Decoding Writing Skills: 6 Ways to Be a Better Storyteller

“What does the soul truly want is the story”, Joseph Campbell wrote in his renowned work – “A Hero with a Thousand Faces”. The book became an inspiration for many storytellers around the world. One of the most notable has been George Lucas, whom it prompted to create his own modern myth – “Star Wars”. 

In his book, Campbell looks deep into the origins of storytelling and claims that stories have been vital to human beings to survive during the history of humanity. Today, far too many people don’t quite realize it, but every one of us is actually living proof that Campbell was not mistaken. 

Even if you’re not a fan of books and movies, you hear dozens of stories every day. They come from your friends and colleagues, relatives, or even casual acquaintances. And if the teller is talented enough, the story persists in your mind, evokes emotions, and feeds your brain. 

If you want to be that skillful storyteller who knows how to move people’s souls, impress them, and have a real impact – there’s a lot you need to learn. Here are just a few useful tips that can help you along the way. 

Get Inspired by Personal Experience 

Everyone has a story to tell. And you certainly do, too. Whether you’re trying to become a novelist or are focused on writing a college essay, don’t try to come up with something original right away. Instead, try to recollect your own experiences and get inspired by them. 

Even if you already have a specific topic, you can always find something about it that will relate to your personal experience. When you do, tell your own story. The truth is, most people love to hear personal stories much more than abstract ideas! 

Remember that there’s always an opportunity to incorporate your own experience into your narrative. For example, when you order an essay from an EssayPro, you can always provide your rough draft to the writer. One will include everything you need in the sample paper. 

Exercise Creative Thinking 

Stephen King in his book “On Writing: A Memoir of the Craft” tells a story of how “Carrie”, his breakthrough novel, came to life. The idea of the opening scene came up to him when he was discussing girls’ shower rooms with a colleague. The thought of the need for privacy in girl’s rooms led to a recollection of an article on telepathy he read a while ago – and that was it! 

Was the connection that King created in his mind obvious? Probably not. But an experienced writer that he’d already been by that time was not only able to make that connection, but also to develop a whole novel from this single idea! 

The point here is if you also want to come up with brilliant ideas, notice the details. Learn to make logical connections between seemingly unrelated things. 

Make a Point

You’ve undoubtedly written some essays at school, so you should already know that every such paper is a finished work that has:

  • a beginning (introduction); 
  • a development (body paragraphs); 
  • a conclusion. 

In all these paragraphs, you try to prove your thesis statement that appeared in your introduction section. 

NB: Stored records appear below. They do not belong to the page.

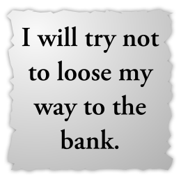 This is a piece of paper with text written on it. The text reads, "I will try not to loose my way to the bank." The paper appears to be torn or cut in half, giving it an old and worn appearance.
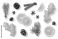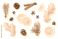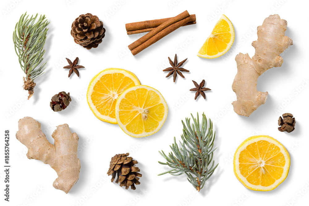 • Collection of natural winter elements with fresh ginger root, sliced lemon, cinnamon, star anise, pine branches and pine cones isolated on a transparent background. PNG ideal for food design.
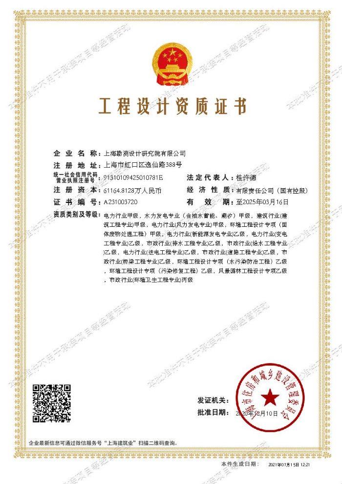 工程設(shè)計(jì)資質(zhì)證書:建筑行業(yè)(建筑工程專業(yè))甲級;環(huán)境工程設(shè)計(jì)專項(xiàng)(固體廢物處理工程)甲級;
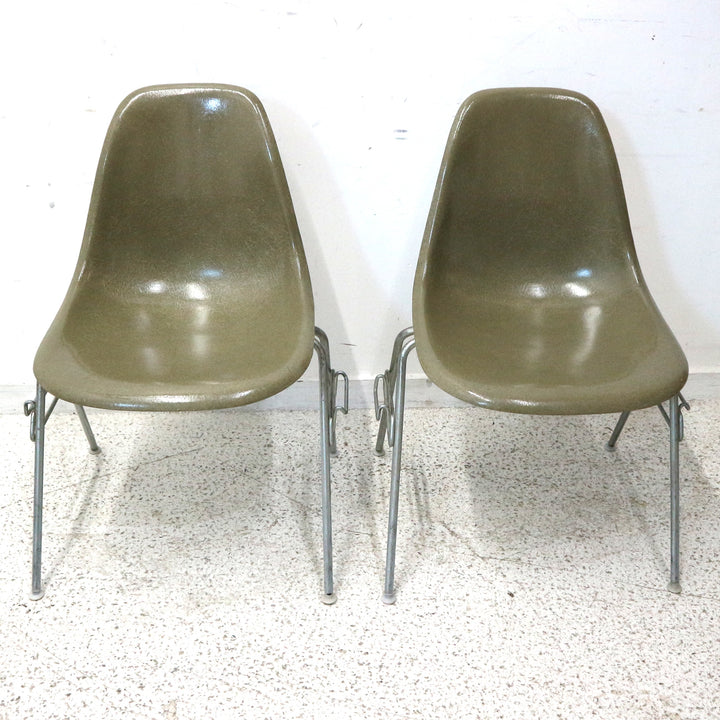 Pair of Olive Green Eames Stacking Chairs
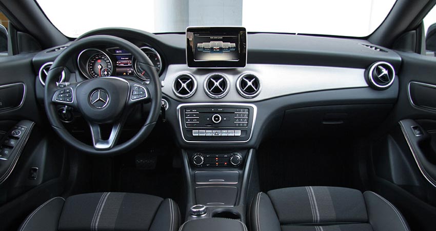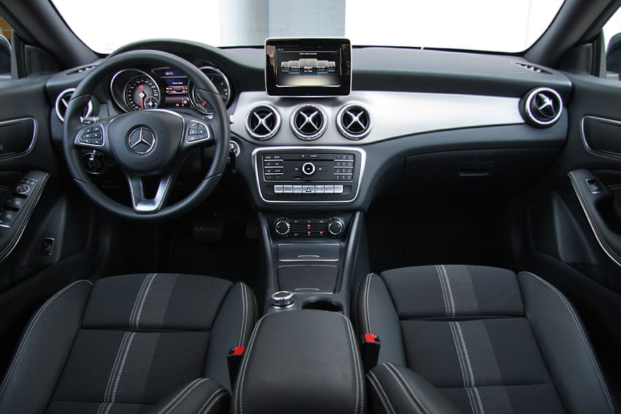 Στο εσωτερικό της CLA η Mercedes διαφοροποίησε ανεπαίσθητα θα λέγαμε την όλη εικόνα (νέες επενδύσεις και χρωματισμοί με περισσότερο χρώμιο σε διακόπτες και χειριστήρια), διατηρώντας έναν από τους πιο στιλάτους θαλάμους της κατηγορίας. Από εκεί και πέρα, γνωρίσματα του εσωτερικού παραμένουν οι 5 στρογγυλοί αεραγωγοί με τις λεπτές γρίλιες πάνω στο ταμπλό, η ψηφιακή οθόνη για το σύστημα πολυμέσων ψηλά στην κονσόλα, αλλά και τα σπορ εμπρόσθια καθίσματα με τα σταθερά προσκέφαλα. Στον τομέα της ποιότητας, το μαλακό πλαστικό πάνω στο ταμπλό και το εσωτερικό των θυρών τονίζει τον ποιοτικό χαρακτήρα της CLA, ενώ το φινίρισμα και η συναρμογή των υπολοίπων σκληρών πλαστικών βρίσκεται σε υψηλά επίπεδα. Στους χώρους, λόγω της σχεδίασης του αμαξώματος και του κουπέ τελειώματος της οροφής, θα απαιτηθούν παραχωρήσεις ως προς το χώρο για τα κεφάλια των πίσω επιβατών. Από την άλλη βέβαια, ο χώρος για τα γόνατα και τους ώμους τους είναι υπέρ-αρκετός. Σε πολύ καλά επίπεδα παραμένει η χωρητικότητα του πορτ-μπαγκάζ των 470 λίτρων.
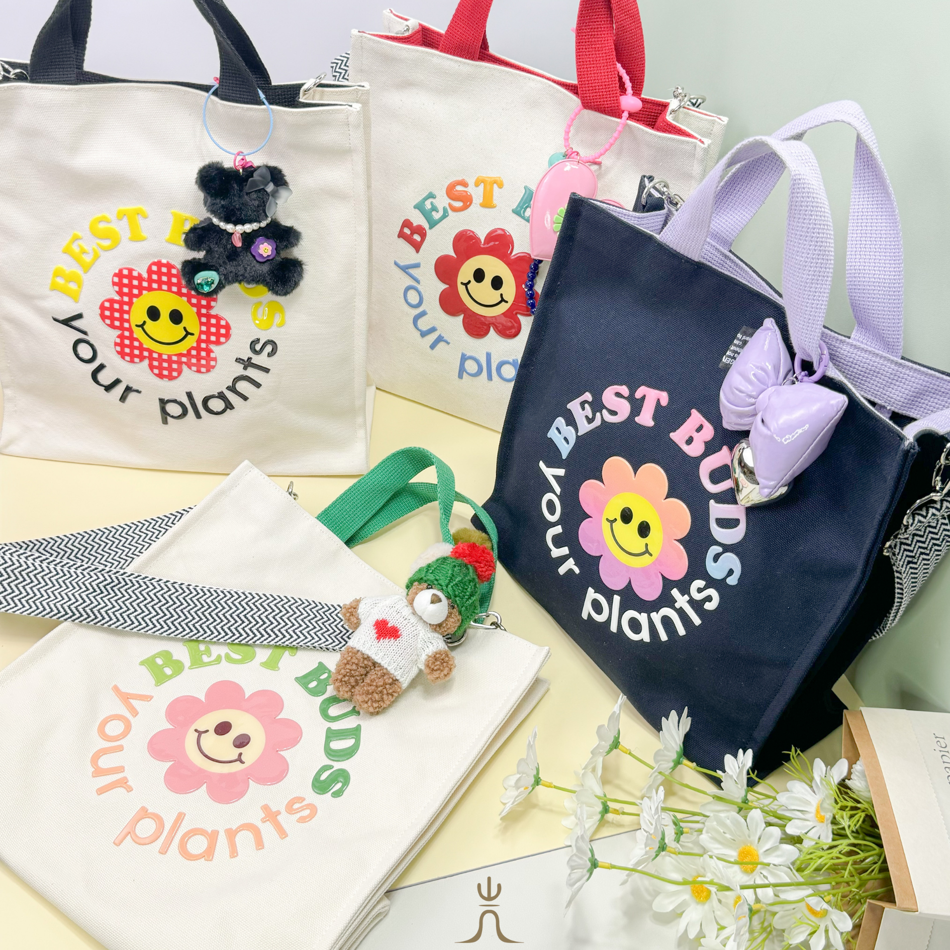 BEST BUNDS your plants 可愛笑臉花帆布包
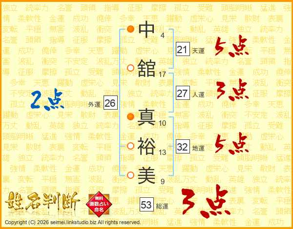 中(4画)舘(17画) 真(10画)裕(13画)美(9画)

Here, your thesis statement is your main point, and you should always keep it in mind as you hold forth. With stories, it’s basically the same thing – there’s always the main idea that goes through as the leitmotif. Sometimes, this leitmotif is not an idea but a feeling, an atmosphere, or a mood. Whatever it is, it should always be presented in order for your narrative to not fall apart. 

Throw In a Conflict 

It’s also virtually impossible to make a good story without a proper conflict. The elevation or the downfall of any hero is always much more impressive when it comes after a great struggle, so it’s normal and even necessary to make your character go through many hardships. That’s what will make your readers relate and keep them engaged. 

If you want to take your stories to the next level, learn to make them unpredictable, too. Take, for example, Disney’s “Frozen”: who could have thought that the beautiful prince would turn out to be a deceiver? Had he been the traditional fairy-tale prince, would the tale be as engaging? Certainly not! 

Draft an Outline 

Even if you have a great idea, there’s no guarantee that it will develop into a great narrative. And though some writers prefer to go with the flow, it’s still better to draft an outline early on. Having an outline in the form of a bullet list with all the main plot twists will help you to not lose control of how your story unfolds and keep it consistent. 

It may also help to write a short summary of your story, especially if you’re writing something complex like a novel. And if you’re telling your tale orally, add some key sentences under each of the bullet points of your outline in order to not miss the most important parts. 

Know How to Use Your Tools 

Coming back to Stephen King’s book on writing, he emphasized the necessity of being able to use a writer’s “toolbox”. He compares it with an actual toolbox that his grandfather made by himself. It had three levels – the most commonly used tools are on the highest level, the least used ones are lower. 

Among such tools for a writer there are:

  • vocabulary;
  • grammar;
  • style;
  • form, and more.

The bigger your toolbox is and the better you know how to use everything that’s in it, the better you are able to convey your narrative. So, don’t spare time on filling in your box! 

Final Words 

Everyone has a story to tell – but only a few know how to do it properly. Becoming a great storyteller takes lots of time and practice, but there are proven ways how practically anyone can become better at this craft. 

Use our pieces of advice listed above to improve your skills and see how being a better storyteller will affect every aspect of your life!